From top to bottom, return the listing exactly as it appears, omitting its images.

Dataset section:
--------------------------------
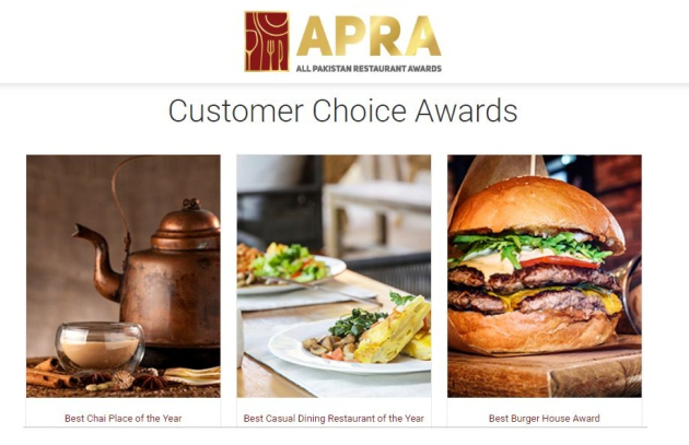 All Pakistan Restaurant Association (APRA), is the only representative body of restaurants and caterers in Pakistan. It is licensed by Directorate General Trade Organization (DGTO), Ministry of Commerce and Government of Pakistan. After a thorough selection process, the APRA jury announced the nominations for 17 Customer Choice Awards on Saturday, 10th August.
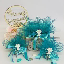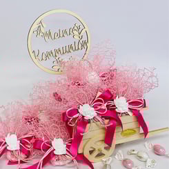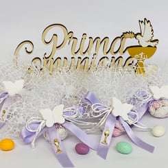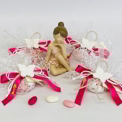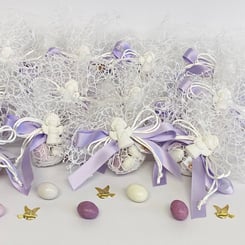 Inkl.: Bomboniera Kärtchen mit Name und Datum bedruckt, mit Mandel, Tenerezze aus Schokoladen und Marshmallow gefüllt.
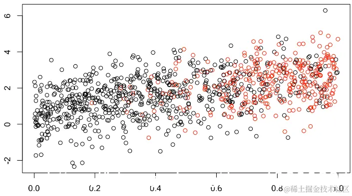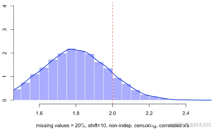 我们在这里模拟数据,然后根据模型生成数据。未定义将转换为NA。一般建议是将缺失值替换为-1,然后拟合未定义的模型。默认情况下,R的策略是删除缺失值。如果未定义50%,则缺少数据,将删除一半的行
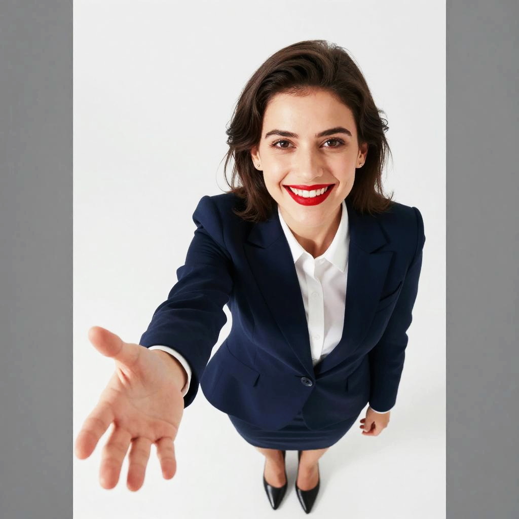 A high-angle photograph of a smiling woman with light brown skin, dark brown hair in a side ponytail, and red lipstick. She's wearing a navy blue suit with a white shirt, reaching out with a white business card towards the camera. The background is entirely white, making her and the card stand out sharply. She's looking up, with a friendly and professional demeanor.
--------------------------------
The answer:
 All Pakistan Restaurant Association (APRA), is the only representative body of restaurants and caterers in Pakistan. It is licensed by Directorate General Trade Organization (DGTO), Ministry of Commerce and Government of Pakistan. After a thorough selection process, the APRA jury announced the nominations for 17 Customer Choice Awards on Saturday, 10th August.
 Inkl.: Bomboniera Kärtchen mit Name und Datum bedruckt, mit Mandel, Tenerezze aus Schokoladen und Marshmallow gefüllt.
 我们在这里模拟数据,然后根据模型生成数据。未定义将转换为NA。一般建议是将缺失值替换为-1,然后拟合未定义的模型。默认情况下,R的策略是删除缺失值。如果未定义50%,则缺少数据,将删除一半的行
 A high-angle photograph of a smiling woman with light brown skin, dark brown hair in a side ponytail, and red lipstick. She's wearing a navy blue suit with a white shirt, reaching out with a white business card towards the camera. The background is entirely white, making her and the card stand out sharply. She's looking up, with a friendly and professional demeanor.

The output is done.